Xiaowen Mao1, Zhi-dong Ge1, Xiang Xie1, Qingquan Lian1*, and Zhengyuan Xia1,2

1Department of Anesthesiology, the Second Affiliated Hospital and Yuying Children’s Hospital of Wenzhou Medical University, Wenzhou, Zhejiang, China; 2 Department of Anesthesiology, Li Ka Shing Faculty of Medicine, The University of Hong Kong, Hong Kong, China

Correspondence: (Z.X.); (Q.L.)

Mao X et al. Reactive Oxygen Species 1(3):178–188, 2016; ©2016 Cell Med Press

(Received: January 30, 2016; Revised: February 11, 2016; Accepted: February 11, 2016)

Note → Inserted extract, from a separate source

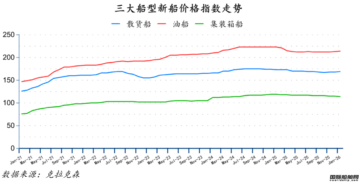 1月份集装箱船新船价格指数环比下跌1点至114点;散货船和油船新船价格指数环比分别上升1点,分别为169点和214点。

ABSTRACT | Reperfusion after prolonged ischemia is necessary to rescue injured hearts while it paradoxically worsens cardiac injury, a phenomenon termed myocardial ischemia-reperfusion injury (MIRI). Overproduction of reactive oxygen species, calcium overload, and inflammation contribute to the pathogenesis of MIRI. Propofol, a commonly used anesthetic with antioxidant property, has been shown to be cardioprotective in experimental studies and in some small clinical trials of cardiac surgery using cardiopulmonary bypass. However, its effectiveness of cardioprotection needs to be confirmed in large clinical trials, and the mechanisms of its action remain a focus of current research. The purpose of this review is to delineate and summarize the mechanism underlying propofol-mediated cardioprotection against MIRI.

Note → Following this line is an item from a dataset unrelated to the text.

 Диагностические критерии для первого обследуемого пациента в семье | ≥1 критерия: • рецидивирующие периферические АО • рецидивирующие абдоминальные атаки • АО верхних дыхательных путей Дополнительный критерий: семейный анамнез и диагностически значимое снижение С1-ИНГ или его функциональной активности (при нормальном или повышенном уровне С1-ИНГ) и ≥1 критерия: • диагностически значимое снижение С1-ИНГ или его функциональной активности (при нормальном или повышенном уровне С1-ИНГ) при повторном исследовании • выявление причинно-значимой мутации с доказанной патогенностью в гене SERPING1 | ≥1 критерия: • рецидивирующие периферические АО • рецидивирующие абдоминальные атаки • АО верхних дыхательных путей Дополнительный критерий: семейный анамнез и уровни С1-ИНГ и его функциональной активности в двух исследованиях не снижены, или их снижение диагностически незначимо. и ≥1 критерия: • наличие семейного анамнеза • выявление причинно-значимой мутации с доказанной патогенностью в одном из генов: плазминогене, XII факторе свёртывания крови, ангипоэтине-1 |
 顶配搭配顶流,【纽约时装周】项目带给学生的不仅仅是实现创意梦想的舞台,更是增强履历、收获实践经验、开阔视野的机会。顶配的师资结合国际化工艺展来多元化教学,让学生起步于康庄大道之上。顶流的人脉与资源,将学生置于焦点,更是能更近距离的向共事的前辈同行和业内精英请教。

KEYWORDS | Antioxidant; Cardioprotection; Myocardial ischemia reperfusion injury; Nitric oxide; Propofol; Protective survivor activating factor enhancement pathway; Reperfusion injury signaling kinase pathway

ABBREVIATIONS | CHD, coronary heart disease; HO-1, heme oxygenase-1; LPS, lipopolysaccharide; MIRI, myocardial ischemia-reperfusion injury; mPTP, mitochondrial permeability transition pore; NO, nitric oxide; RISK, reperfusion injury signaling kinase; NFκB, nuclear factor-kappa B; NOS, nitric oxide synthase; PI3K, phosphoinositide 3-kinase; ROS, reactive oxygen species; SAFE, protective survivor activating factor enhancement; TNFα, tumor necrosis factor-alpha


1. Introduction

2. The Pathogenesis of Myocardial Ischemia-Reperfusion Injury (MIRI)

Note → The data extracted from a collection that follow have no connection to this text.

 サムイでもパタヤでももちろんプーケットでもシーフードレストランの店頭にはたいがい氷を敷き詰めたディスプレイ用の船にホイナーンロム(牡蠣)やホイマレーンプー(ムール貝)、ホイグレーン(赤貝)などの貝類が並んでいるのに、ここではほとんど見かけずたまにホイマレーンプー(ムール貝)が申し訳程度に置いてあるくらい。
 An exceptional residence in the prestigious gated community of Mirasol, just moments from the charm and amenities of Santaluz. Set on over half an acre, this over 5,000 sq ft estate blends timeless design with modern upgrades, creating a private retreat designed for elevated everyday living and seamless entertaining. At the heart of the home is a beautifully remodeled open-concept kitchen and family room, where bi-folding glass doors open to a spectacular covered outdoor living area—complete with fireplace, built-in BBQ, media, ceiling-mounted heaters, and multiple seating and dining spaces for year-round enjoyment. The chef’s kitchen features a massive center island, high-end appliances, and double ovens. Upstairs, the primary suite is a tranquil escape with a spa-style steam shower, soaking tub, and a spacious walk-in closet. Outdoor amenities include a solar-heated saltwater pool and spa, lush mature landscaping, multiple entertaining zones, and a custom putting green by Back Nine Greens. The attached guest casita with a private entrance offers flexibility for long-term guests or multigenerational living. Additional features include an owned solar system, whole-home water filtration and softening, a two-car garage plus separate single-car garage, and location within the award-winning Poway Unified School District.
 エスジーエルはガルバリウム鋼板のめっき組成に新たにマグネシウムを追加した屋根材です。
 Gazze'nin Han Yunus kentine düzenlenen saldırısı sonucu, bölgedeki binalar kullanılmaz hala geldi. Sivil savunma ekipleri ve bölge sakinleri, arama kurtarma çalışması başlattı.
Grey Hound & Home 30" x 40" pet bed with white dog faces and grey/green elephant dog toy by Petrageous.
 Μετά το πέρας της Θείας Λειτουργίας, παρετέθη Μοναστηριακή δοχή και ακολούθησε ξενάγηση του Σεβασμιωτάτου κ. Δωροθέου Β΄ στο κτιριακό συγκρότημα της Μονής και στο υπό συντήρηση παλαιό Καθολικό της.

3. Structure and Features of Propofol

4. Propofol’s Non-Anesthetic Effects Make It a Cardioprotective Drug

4.1. Antioxidant Property

4.2. Nitric Oxide Induction

4.3. Relevant Pro-Survival Signaling Pathways

4.3.1. The Reperfusion Injury Signaling Kinase (RISK) Pathway

4.3.2. The Protective Survivor Activating Factor Enhancement (SAFE) Pathway

4.3.3. The Activation of NFκB

4.3.4. The Increase of Bcl-2 Content

5. Specific Challenges in Diabetes

6. Conclusion


The increasing death rate and considerable economic burden resulting from coronary heart disease (CHD) lead to an urgent need for therapeutic strategies for CHD. Therapy targeting the initial myocardial infarction subsequent to the ischemia is a main focus during CHD treatment. Early reperfusion is an absolute prerequisite for the survival of ischemic myocardium, while reperfusion per se paradoxically worsens cardiac injury.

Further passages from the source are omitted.